Als ich mein Gespräch mit Kelda Wood fortsetzte, war ich neugierig zu sehen, ob sie immer noch auf die Lehren aus ihrer Atlantik-Erfahrung zurückgreift.
„Manchmal muss man einfach weitermachen und die Dinge einfach durchstehen – Das war besonders relevant, als bei mir Anfang dieses Jahres Brustkrebs diagnostiziert wurde. The Atlantic hat mir beigebracht, dass es manchmal keine Abkürzungen oder einfachen Antworten gibt, man muss einfach seine bekommen Kopf runter, weitermachen und Sachen durchstehen.“
Keldas mentale Belastbarkeit stellt meine bei weitem in den Schatten, aber ich hoffe, dass diese Beispiele zeigen, wie wertvoll der Sport sein kann, um uns Lebenslektionen zu erteilen.
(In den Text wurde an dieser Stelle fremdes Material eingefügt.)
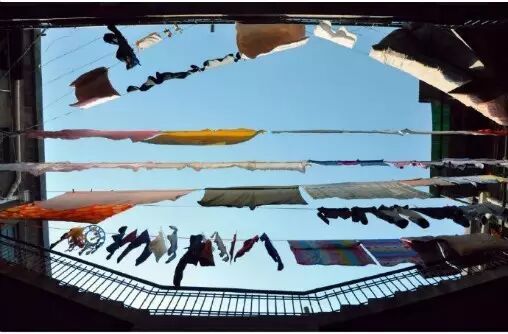 ✪ 很多晾衣绳横穿而过,从建筑的这一角连到那一角,五颜六色的衣服"结"满了整个里院的天空。往上看去,寻不见任何章程,很快就混为一潭。
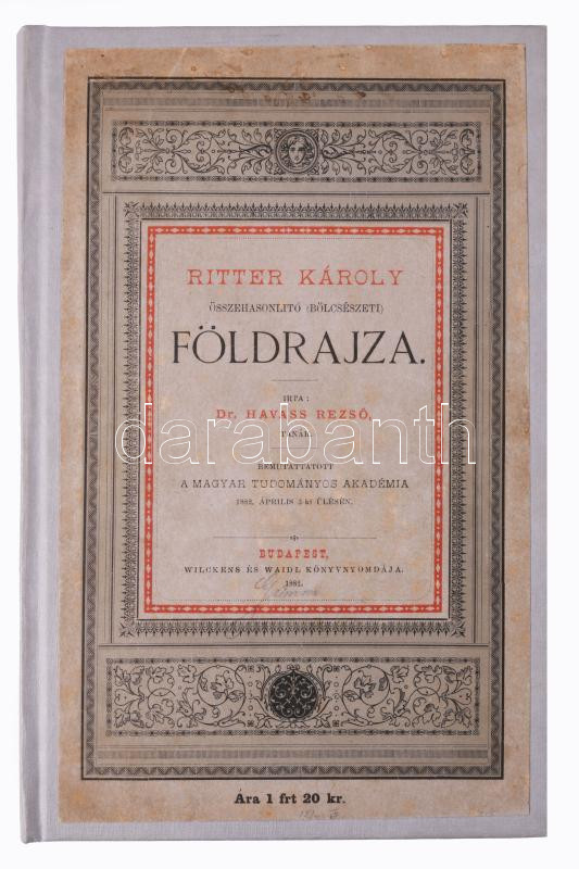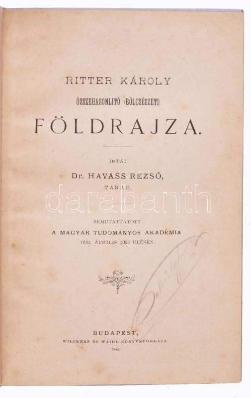 Dr. Havass Rezső: Ritter Károly Összehasonlító (Bölcsészeti) Földrajza. Bemutttatott a Magyar Tudományos Akadémia 1882. április 3-ki ülésén. Bp., 1882, Wilckens és Waidl Könyvnyomdája. Átkötött egészvászon-kötésben, tulajdonosi névbejegyzéssel, jó állapotban.
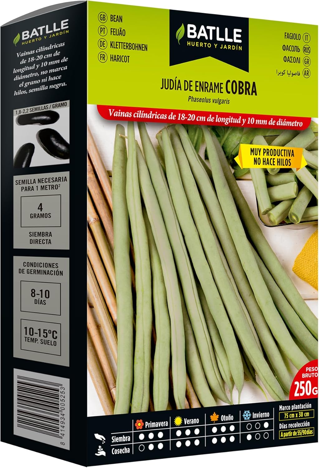 La Judia de Enrame Cobra es una variedad muy apreciada por la excelente calidad de sus vainas y su alto rendimiento. Produce vainas cilíndricas, rectas y uniformes, de 18 a 20 cm de longitud y 7–9 mm de diámetro, totalmente sin hilos y sin marcar el grano, lo que garantiza una textura tierna y un sabor suave.
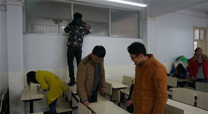 为美化校园环境,全面提高老员工的素质。12月9日中午12点,太阳成城集团tyc234cc官网于教四、教七组织员工清理课桌文化的活动。团总支老师路振国前来指导、检查,化院员工会、各个社团积极参加本次活动。
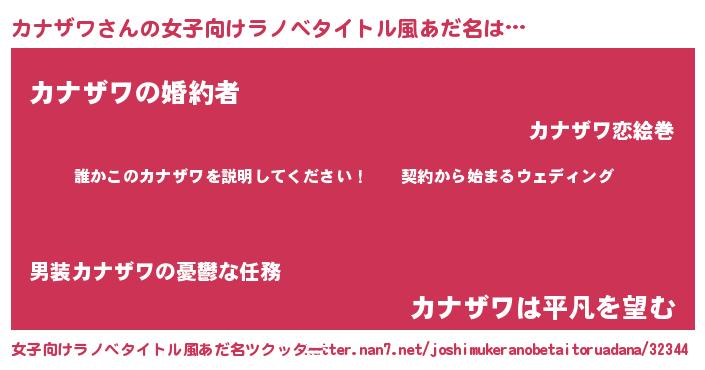 | ファンタジー風あだ名 | 『カナフェル』『エターナルカナザワー』 |
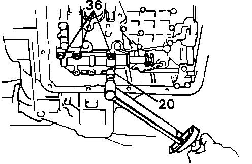 8. Ensure manual lever is in contact with center of roller at tip of detent spring, then install oil tubes.
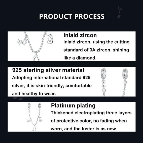 S925 Sterling Silver Platinum-plated Note Shape Safety Chain Jewelry Pendant Accessories(SCC2871)

Theoretisch sollte Sport in einer völlig anderen Sphäre als unser normales Leben existieren, aber die Realität ist, dass sie immens miteinander verflochten sind, wie wir als Individuen funktionieren. Zu dieser Erkenntnis zu kommen, verändert meine Sicht auf das Segeln, die Art und Weise, wie ich Sport sehe, und ich hoffe, dass andere durch das Teilen dieser Lektion lernen können, mit den Herausforderungen von Covid effektiver umzugehen.